Cluster Resources Status - Linux Test

A cluster resource is a resource that is required to be highly available for the business. Cluster resources can be either moved or replicated to one or more nodes within a cluster. A resource group is a convenient way of keeping resources together and it consists of more than one resource. The resource groups need to be located together, start sequentially, and stop in the reverse order. These cluster resources make the service highly-available throughout all the nodes in the cluster. A Linux cluster can maintain multiple resource groups. A resource can be migrated from one resource group to another but it cannot exist in more than one group at a time. Often, failure of a resource group leads to the inaccessibility of the resources in that group. Moreover, if a resource is inaccessible or is stopped, then, users accessing the resource may face unexpected delays. To avoid this, it is necessary to monitor the state of the resources round the clock. The Cluster Resources Status - Linux test helps administrators in this regard!

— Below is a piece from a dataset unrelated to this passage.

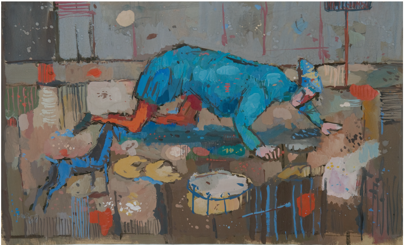
Pijani bobnar, 1968

This test auto-discovers the resources in the target cluster and for each resource, this test reports the current status. Using this test, the resources that have been stopped frequently can be identified. The detailed diagnosis of this test helps administrators to find resource group name, resource name, resource type and node name.

Target of the test : A Linux cluster

Agent deploying the test : An internal agent

Outputs of the test : One set of results for the Linux cluster being monitored.

Job Name Description

Test Period

How often should the test be executed

Host

The host for which the test is to be configured.

Port

The port at which the specified host listens. By default, this is Null.

Report by Owner Node Only

If this flag is set to Yes, then, this test will report metrics only for the owner node and not for the other nodes in the cluster. On the other hand, if the flag is set to No, then, it indicates that the test will report metrics for all the nodes in the cluster. By default, this flag is set to No.

Use SUDO

By default, this flag is set to Yes, indicating that the test uses sudo command to collect the daemon-related metrics. If this flag is set to No, then the test will not collect the metrics using sudo command.

SUDO Path

This parameter is relevant only when the Use SUDO parameter is set to Yes. By default, the SUDO Path is set to none. This implies that the sudo command is in its default location - i.e., in the /usr/bin or /usr/sbin folder of the target host. In this case, once the Use SUDO flag is set to Yes, the eG agent automatically runs the sudo command from its default location to allow access to the daemon process. However, if the sudo command is available in a different location in your environment, you will have to explicitly specify the full path to the sudo command in this text box to enable the eG agent to run the sudo command.

DD Frequency

Refers to the frequency with which detailed diagnosis measures are to be generated for this test. The default is 1:1. This indicates that, by default, detailed measures will be generated every time this test runs, and also every time the test detects a problem. You can modify this frequency, if you so desire. Also, if you intend to disable the detailed diagnosis capability for this test, you can do so by specifying none against DD frequency.

Detailed Diagnosis

To make diagnosis more efficient and accurate, the eG Enterprise embeds an optional detailed diagnostic capability. With this capability, the eG agents can be configured to run detailed, more elaborate tests as and when specific problems are detected. To enable the detailed diagnosis capability of this test for a particular server, choose the On option. To disable the capability, click on the Off option.

The option to selectively enable/disable the detailed diagnosis capability will be available only if the following conditions are fulfilled:

  • The eG manager license should allow the detailed diagnosis capability
  • Both the normal and abnormal frequencies configured for the detailed diagnosis measures should not be 0.
Measurements made by the test
Measurement Description Measurement Unit Interpretation

Resource status

Indicates the current status this resource.

 

The values that this measure can report and their corresponding numeric values are listed in the table below:

Measure Value Numeric Value
Started 100
Stopped 0

Note:

By default, this measure can report the Measure values mentioned above while indicating the current state of the resources. However, the graph of this measure is indicated using the corresponding numeric equivalents i.e., 0 or 100.

The detailed diagnosis of this measure gives the resource group name, resource name, resource class, provider, resource type, and node name.